WORK REQUEST:
Transcribe the entries below word for word, beginning at the line with "速度围观:第四届橙瓜网络文学奖年度十大作品诞生" and stopping after the line with "Edytor tapety: Kalendarz, Rok 2011, Luty"; drop all pictures.

━━━ THE DATA

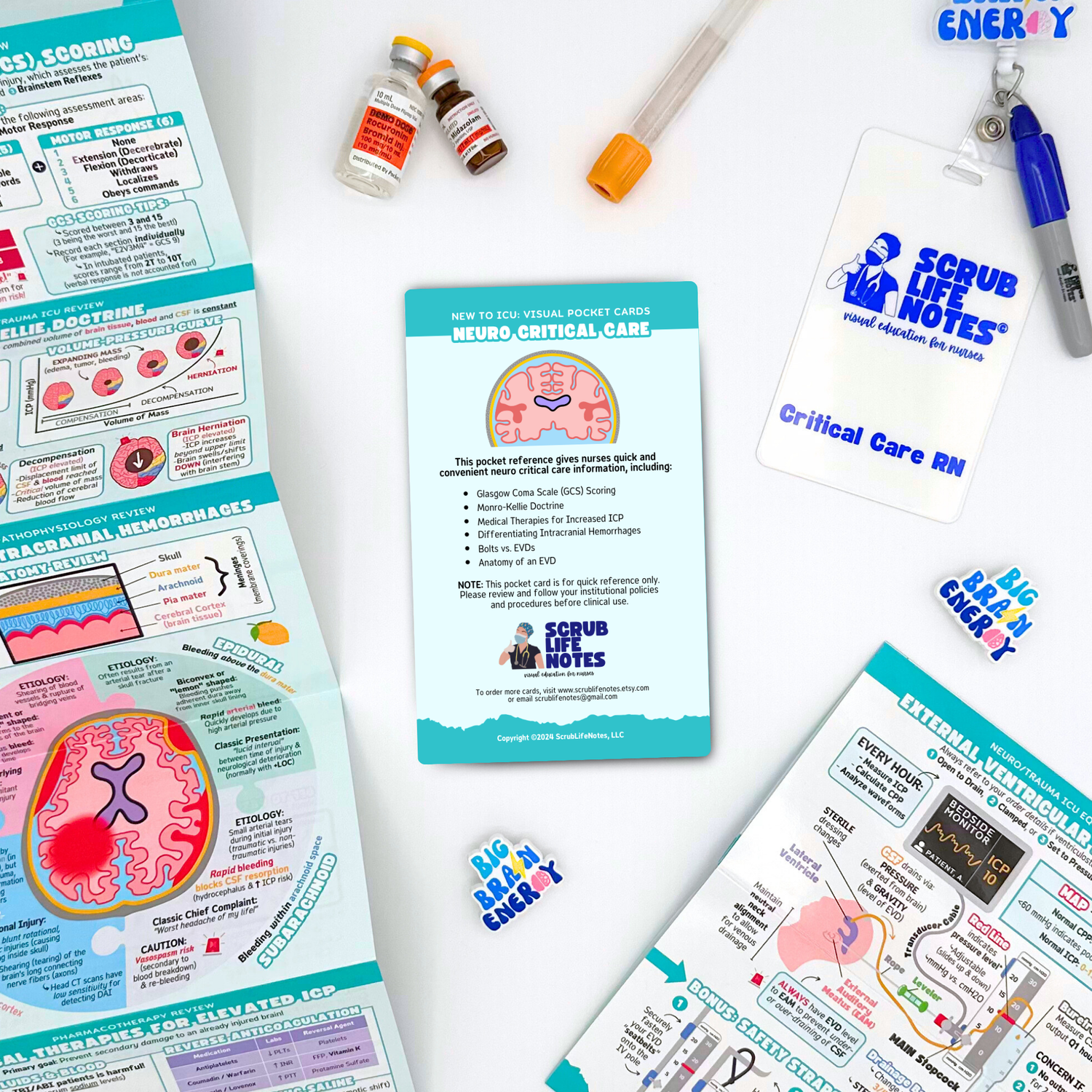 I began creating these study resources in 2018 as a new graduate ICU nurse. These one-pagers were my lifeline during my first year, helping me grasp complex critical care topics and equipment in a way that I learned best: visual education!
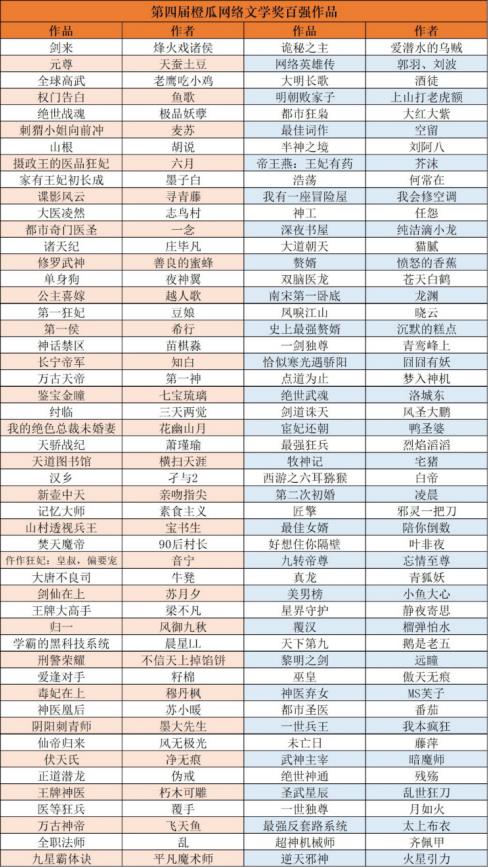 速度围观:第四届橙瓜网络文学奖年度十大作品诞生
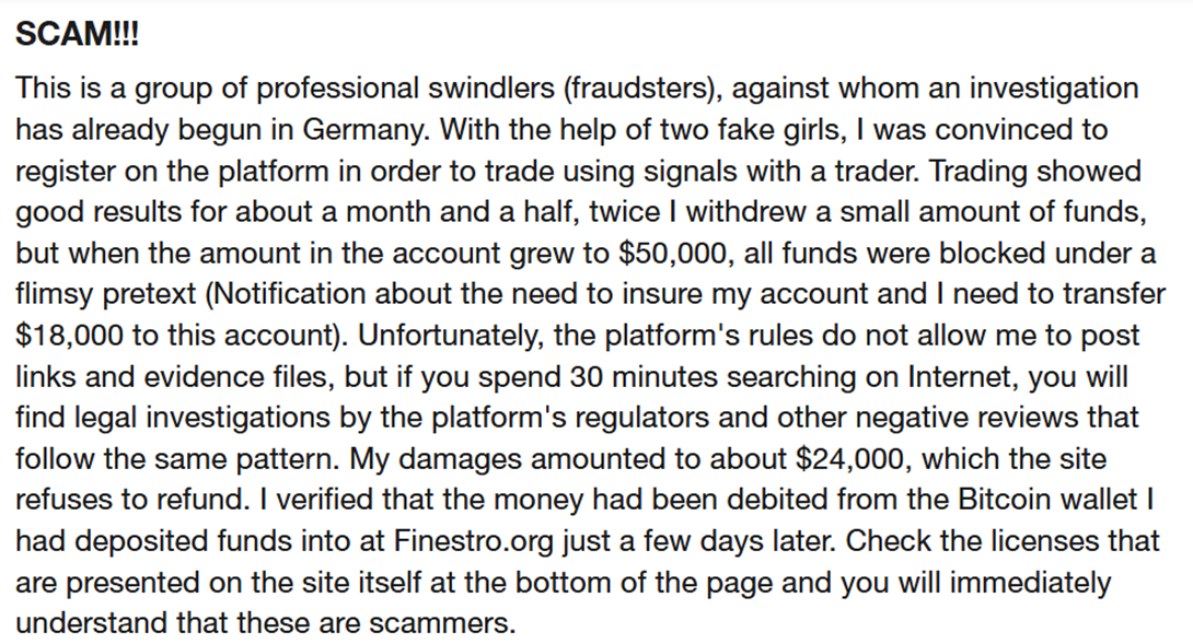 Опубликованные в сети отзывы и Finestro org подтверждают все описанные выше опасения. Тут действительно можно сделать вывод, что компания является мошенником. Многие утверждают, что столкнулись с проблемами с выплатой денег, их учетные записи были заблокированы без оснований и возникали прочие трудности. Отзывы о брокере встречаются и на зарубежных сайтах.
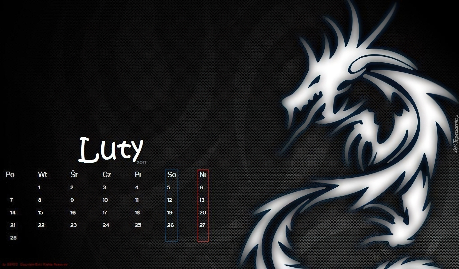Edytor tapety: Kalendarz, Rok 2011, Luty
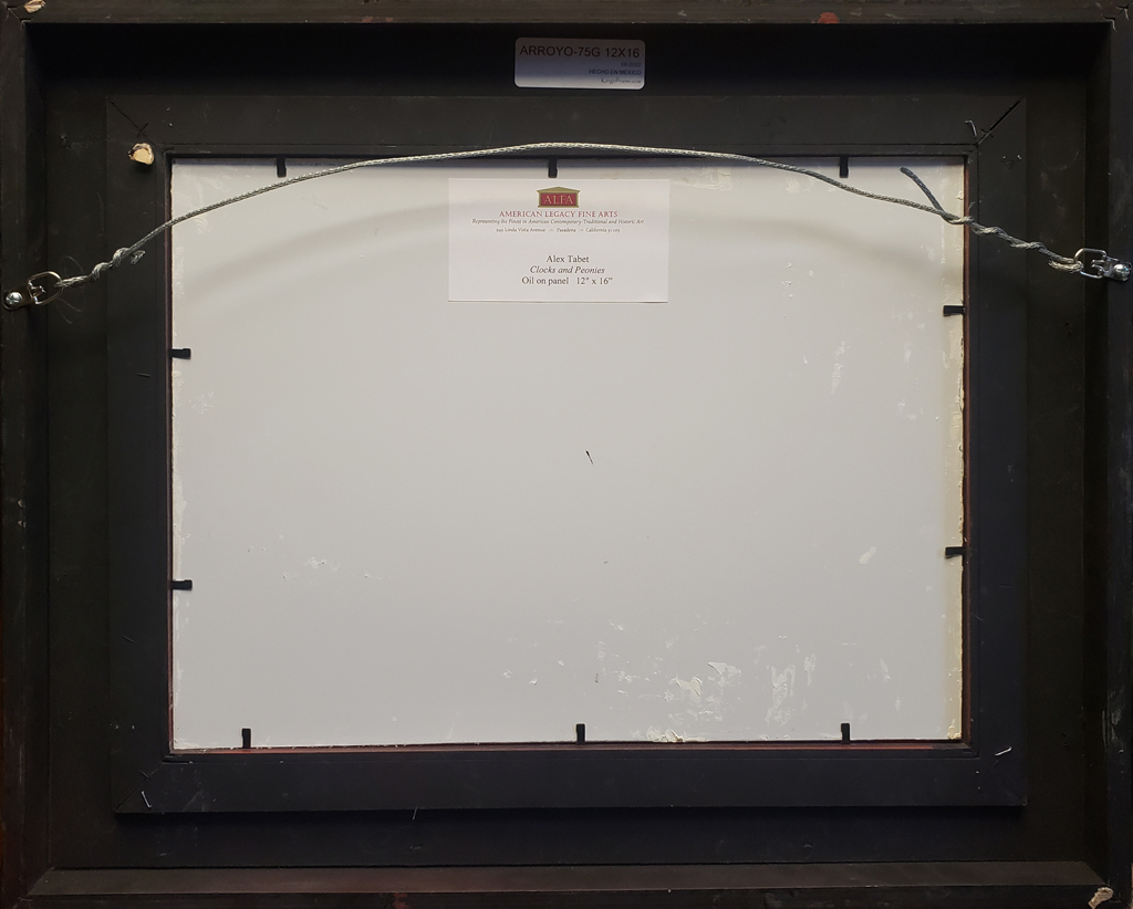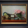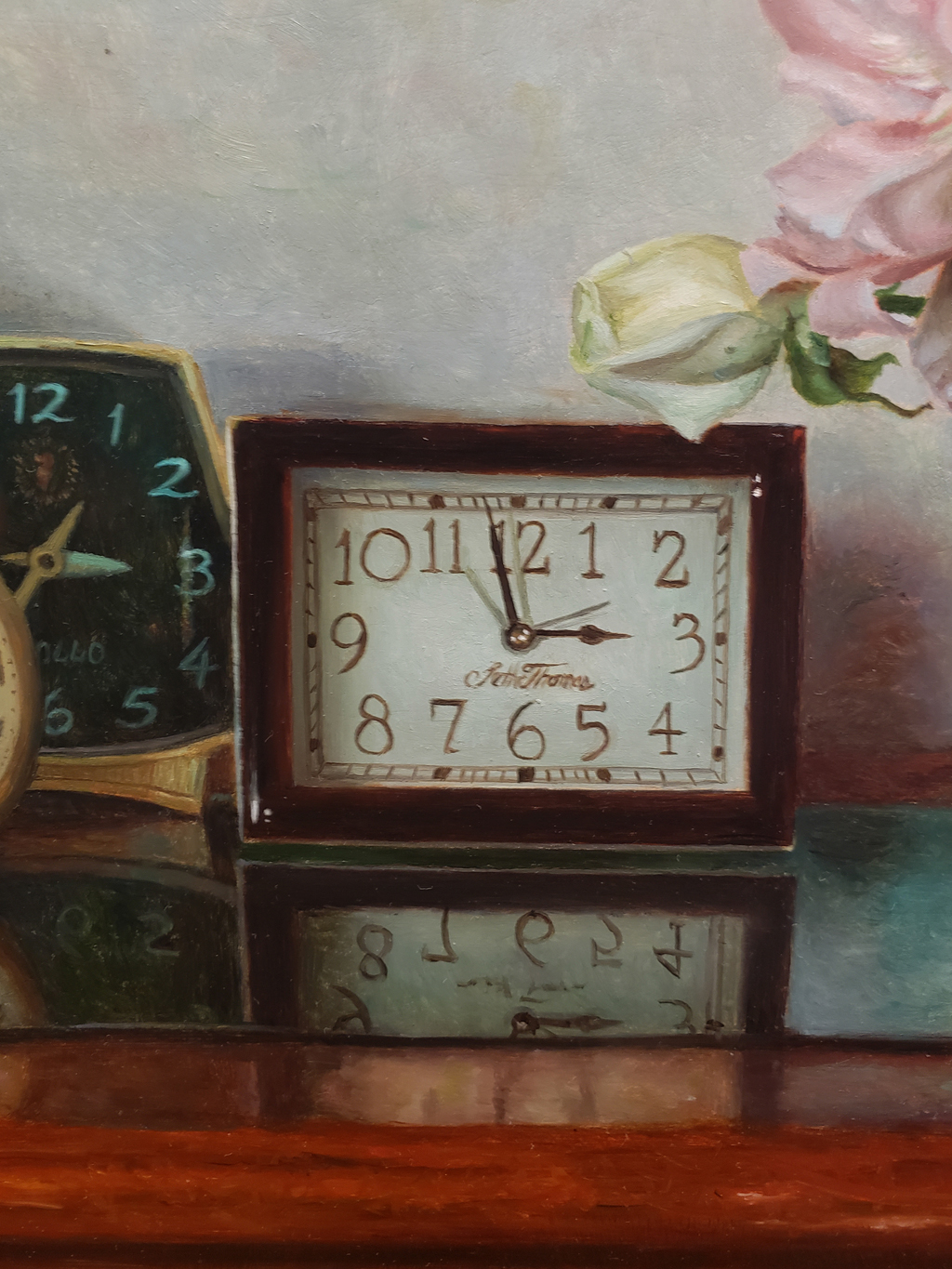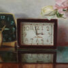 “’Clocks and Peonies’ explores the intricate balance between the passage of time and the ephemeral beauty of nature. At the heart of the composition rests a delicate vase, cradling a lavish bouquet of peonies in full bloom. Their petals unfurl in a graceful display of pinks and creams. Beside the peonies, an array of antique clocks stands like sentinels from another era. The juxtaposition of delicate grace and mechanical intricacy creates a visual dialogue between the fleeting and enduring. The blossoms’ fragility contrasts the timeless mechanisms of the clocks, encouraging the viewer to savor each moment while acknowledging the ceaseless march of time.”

━━━━━━

RESPONSE:
 速度围观:第四届橙瓜网络文学奖年度十大作品诞生
 Опубликованные в сети отзывы и Finestro org подтверждают все описанные выше опасения. Тут действительно можно сделать вывод, что компания является мошенником. Многие утверждают, что столкнулись с проблемами с выплатой денег, их учетные записи были заблокированы без оснований и возникали прочие трудности. Отзывы о брокере встречаются и на зарубежных сайтах.
Edytor tapety: Kalendarz, Rok 2011, Luty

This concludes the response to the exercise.